Непрекращающийся натиск враждебных городу сил и особенно этот катастрофический удар вызвал к жизни дополнительную защитную систему — практически все металлические решетки Санкт-Петербурга — это магические ограждения с оберегающими символами. Иногда очень сложных начертаний, иногда же, весьма простых. Литейный мост помнишь? В ограждении его 546 раз повторяется герб Санкт-Петербурга. А прославленная решетка Летнего сада — образец такого рода совершенства. Она была задумана " еще до того ужасного наводнения, но установили ее лишь после потопа. И она продемонстрировала несомненную эффективность. Единственное, что плохо, что магическая защита решеток мгновенно нарушается с физическим повреждением. Нарушается целостность орнамента, и это приводит к превращению защитного ограждения в прямо противоположное. Такая вот трансформация случилась с решеткой Мельцера, оградой Зимнего дворца. Революционные большевики выломали из нее гербы и вензеля и мигом сделали это сооружение одним из самых опасных для города…
Пригарин замолчал. Язык, видать, пересох, столько говорить. Женька очнулся, как ото сна.
— Ты мне водички не подашь, братишка? Вот тут, на тумбочке, кружка моя. — А напившись воды, спросил:
— Ты слыхал этот анекдот-то, ну, про психиатра и его пациента? Нет? Ну слушай.
Приходит к психиатру мужик и говорит: «Доктор, по мне крокодильчики так и ползают. Так и ползают!» А тот ему: «Что ж вы их на меня-то бросаете!!?» Это мне Пашка, друг мой, рассказал. Ты, парень, прости, если что не так. Если я своих крокодильчиков на тебя перебросил. Поздно уже, заболтал я тебя. Ты же здесь в ночь не остаешься. Поди, страшно после таких рассказов по темным улицам возвращаться будет…
А мне уже ничего не страшно. И помирать не страшно. Вот только сам не могу. Помог бы кто…
— Да зачем же умирать? Вы столько интересного знаете. Записали бы.
— Да кому это надо? Ты вот первый послушал. А так все руками машут. Ну, в добрый путь. Иди. Да и я устал.
Глава 9
СТРЕЛКА ВАСИЛЬЕВСКОГО
Он вышел из палаты без двадцати десять. Никогда раньше он не задерживался на отделении так поздно. Вечером все здесь выглядело немного иначе. Или после мистических откровений Пригарина Женя смотрел на мир под каким-то другим утлом?
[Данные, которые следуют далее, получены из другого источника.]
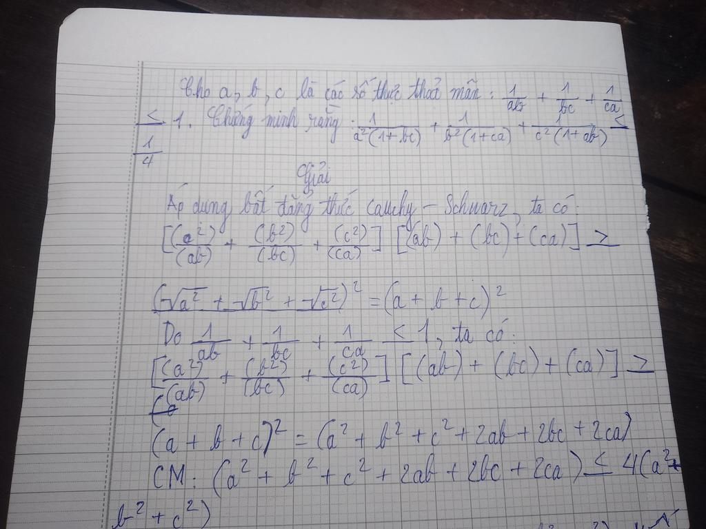 `=> 1/[a^2(1 + bc)] + 1/[b^2(1 + ca)] + 1/[c^2(1 + ab)] `
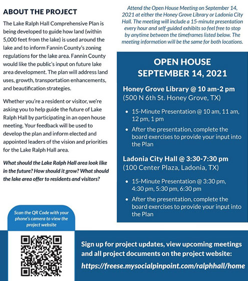 Fannin County, Texas -- Public Open Houses for planning for Lake Ralph Hall will be held on Tuesday, September 14 in Honey Grove and Ladonia. This is the opportunity for citizens to make their wishes known about development and recreational amenities around Lake Ralph Hall.

В просторном коридоре большие лампы на потолке уже не горели. Маяком светила только настольная лампа сестринского поста. За столом сидела аккуратненькая Наташа, и что-то сосредоточенно писала. «Что они все время все пишут? — подумал Невский. — Так и меня скоро начнут заставлять. Сколько уток вынес. С какой скоростью вымыл пол… А вот к Пригарину-то сестричку не посадят, чтоб все за ним записывала. Она лучше про таблетки будет всю ночь писать».
— Я думала, ты уже ушел давно. Это ты на полтора часа из-за него задержался? Ну-у-у, Пригарин… — На лице ее появилось властное выражение. А прозрачные глаза ее вдруг показались Женьке похожими на большие голубые бусины с дырочкой для нитки посередине. — С ними пожестче надо быть. Все, дядечка, спать пора.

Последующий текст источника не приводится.